The intractability of the issue is further exacerbated by the US-led West and its allies constantly enhancing India’s military, nuclear and missile capabilities to match China’s. By default, the Indian Military thus acquires vital numerical and technological ascendancy over its Pakistani counterpart as well. A vicious circle thus ensues where India enhances its conventional and nuclear arsenals to outdo China’s while Pakistan strives to maintain that critical strategic balance with India. The US has patently failed to recognize the sensitivity and criticality of this issue as such and resultantly its policy and the nuclear and conventional arms races in the subcontinent continue to go haywire. Further, the larger the conventional differential between the Indian and Pakistani armed forces the more will be the latter’s reliance on its nuclear assets; and the lower, of necessity, will its nuclear thresholds go.
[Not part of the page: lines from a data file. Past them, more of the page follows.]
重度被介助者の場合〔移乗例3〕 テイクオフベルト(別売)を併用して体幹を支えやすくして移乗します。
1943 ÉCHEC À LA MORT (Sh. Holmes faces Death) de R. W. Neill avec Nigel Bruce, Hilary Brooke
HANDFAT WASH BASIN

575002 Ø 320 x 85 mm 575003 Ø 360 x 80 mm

Furthermore, if nuclear assets asymmetry also emerges (FMCT, NSG) then the strategic balance in the Indo-Pak subcontinent would be so critically off kilter that it may precipitate even deeper extra regional alliances/pacts, on ground presence of allies/external forces and in extreme circumstances even interventions!
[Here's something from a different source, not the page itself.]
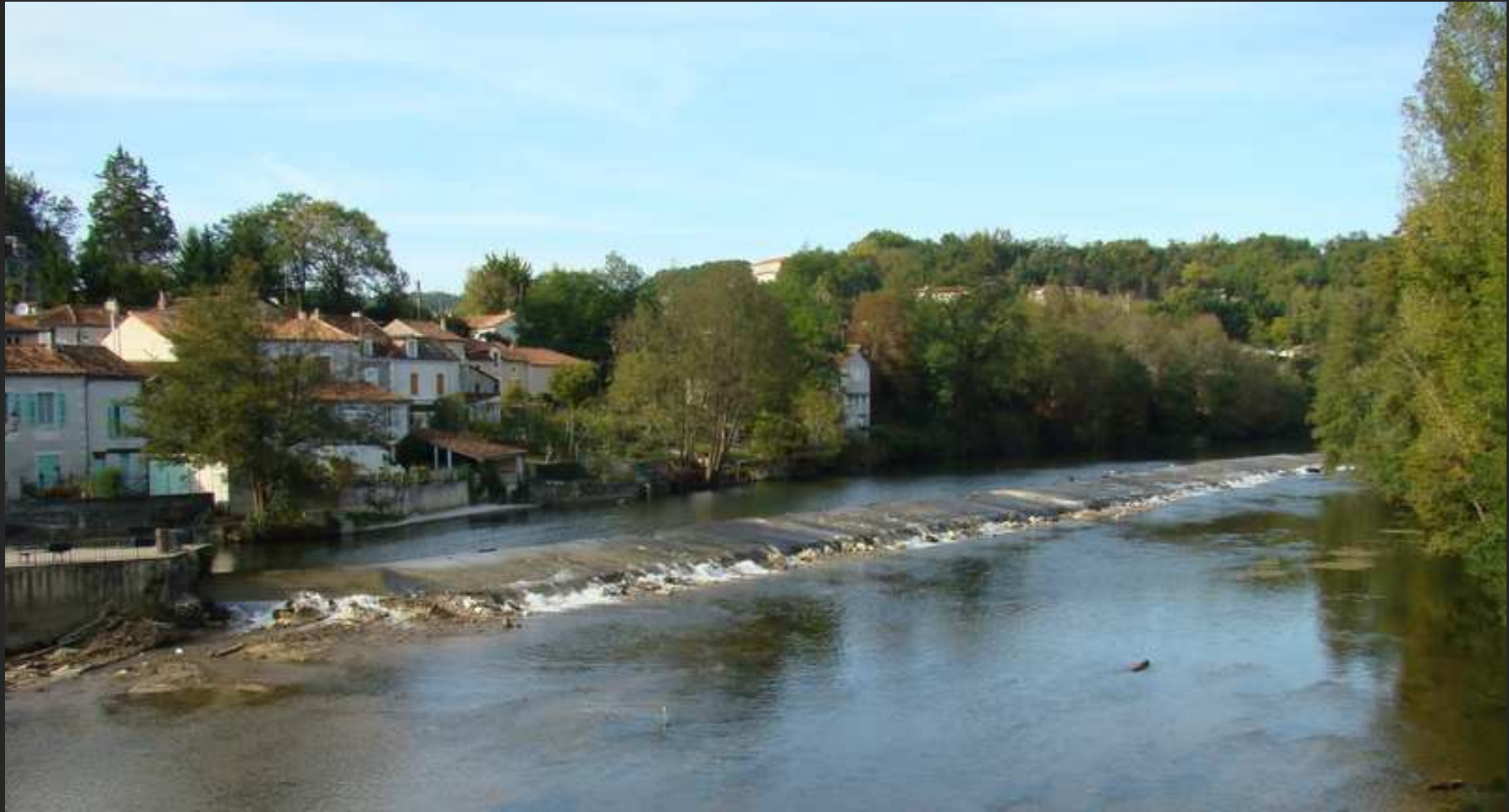
L'Isle à Saint-Astier

These conflicting imperatives of US policy are further compounding an already over convoluted situation in the Indo-Pak subcontinent/South Asian region. In its indecent haste to prop India up to contain and manage the rise of China the US-led West is riding rough shod over a number of international covenants and regimes governing control, trade, and movement of advanced military arms and equipment, missile and nuclear technologies and systems, nuclear fuels, materials and dual-use technologies as well. The US-India Civil Nuclear Deal and the US eagerness to get India exemptions from and membership of the NSG have created real existentialist threats for Pakistan and have literally sounded the death knell for global and regional nuclear non-proliferation prospects. Resultantly, fissile material stockpiles in the region are continuously and rapidly soaring. This may have actually encouraged and facilitated India to establish a nuclear city with advanced nuclear and missile facilities at Challakere, Karnataka where ostensibly thermonuclear weapons, TNWs, enrichment of uranium and plutonium, fuel for nuclear submarines and advanced missile systems et al will be produced.

A veritable nuclear Frankenstein, in the shape of India, is thus in the making and the US-led West including Israel, Japan and Australia are totally, wholly and solely responsible for it.

The nuclear ante has predictably risen to alarming levels now and is inevitably warranting and generating compatible reciprocity within the region. No wonder Pakistan has already reacted and demonstrated its TNWs, MIRV, nuclear triad and second strike capabilities. More will predictably follow.

Any conventional or nuclear conflict between India and Pakistan, regardless of how Pakistan fares in it, will degrade India’s economy and military by such a massive extent that it will no longer remain viable or competitive with the Chinese military and thus of precious little use to the US any further. By default China will emerge stronger, more dominant and assertive in the region.

The Trump Administration must undo this foreign policy folly. A policy review is warranted. President Trump’s offer of mediation and help in conflict avoidance and resolution of all outstanding issues, in particular Kashmir, is the correct way forward. It must be pursued.

Else, this nuclear Frankenstein will one day outgrow its mandate, threaten the region and the world and worse, even turn onto its creator(s)!